Oleh sebab itu, lanjut dia, kondisi cuaca buruk tersebut membuat lapak ikan sepi dan minat warga untuk sengaja datang ke pasar menjadi menurun.
Konsumen cenderung enggan atau malas jika harus menempuh perjalanan jauh ke pasar hanya untuk membeli sayur-mayur.
"Ketika lapak ikan itu sepi akibat angin kencang, pengaruhnya sangat besar terhadap seluruh aktivitas pasar di Lipat Kajang. Itu salah satu faktor utamanya," ujar Harli.
Selain itu, Harli membeberkan adanya perubahan pola distribusi barang dan perilaku belanja masyarakat Manggar.
Saat ini, Pasar Lipat Kajang perlahan mulai bergeser fungsi utamanya menjadi sebuah hub atau pasar penyuplai.
Harli menyebutkan, aktivitas perdagangan yang cukup ramai justru bergeser ke menjelang dini hari, yakni mulai pukul 01.00 hingga pukul 09.00 pagi.
Selepas jam tersebut, Pasar Lipat Kajang akan mulai meredup dari aktivitas jual-beli.
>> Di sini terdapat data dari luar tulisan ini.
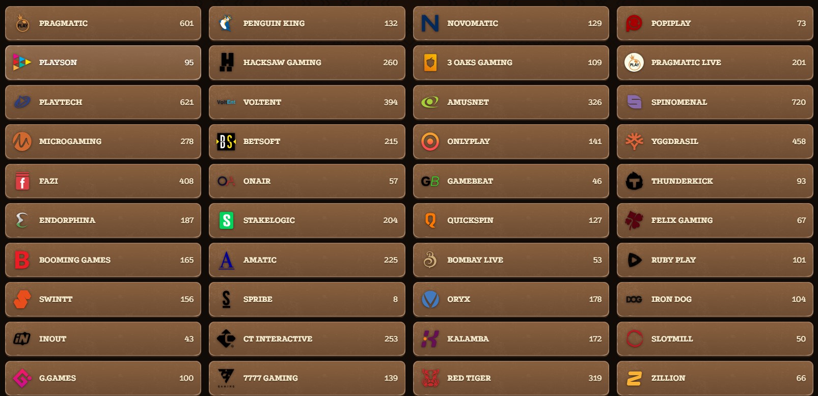 A Lizaro Kaszinó számos nemzetközi szoftver szolgáltatóval működik együtt, beleértve a nyerőgépek, élő kaszinó játékok és azonnali játékok vezető fejlesztőit.

"Sekarang ini sudah banyak sekali orang berjual sayur eceran yang menjamur di tempat lain di luar area pasar, langsung di tengah permukiman warga. Hal itu ikut memengaruhi orang untuk beralih tempat belanja," ujar Harli.
Para pedagang eceran, lanjut dia, kini mengambil pasokan dari Pasar Lipat Kajang pada waktu subuh, lalu menjualnya kembali ke pelosok kampung.
Akibatnya, masyarakat tidak perlu lagi datang langsung ke pasar karena kebutuhan dapur bisa dijangkau di dekat rumah mereka.
Harli menambahkan, lesunya pasar tak serta-merta menandakan masyarakat sepenuhnya kehilangan daya beli.
Menurutnya, masyarakat saat ini cenderung lebih adaptif terkait kebutuhan pangan harian.
"Masyarakat kita punya alternatif lain untuk belanja. Bukan berarti tidak mampu belanja juga, tapi mereka mengalihkan konsumsinya. Misalnya kalau ikan lagi susah dan mahal, cukup beli tempe yang ada di dekat rumah atau di kampung," tuturnya.
Meski begitu, Harli menegaskan bahwa Pemkab Beltim akan terus berupaya untuk menaikkan lagi gairah belanja masyarakat di pasar melalui banyak terobosan.
Untuk itu, pihaknya sangat membutuhkan pembenahan ekonomi dengan melibatkan seluruh komponen daerah.
"Artinya, jika kita ingin aktivitas pasar kembali ramai, kita harus memperkuat basic ekonomi masyarakat secara mantap dan menyediakan alternatif komoditas yang bisa terus berputar di pasar dalam segala kondisi," ujar Harli.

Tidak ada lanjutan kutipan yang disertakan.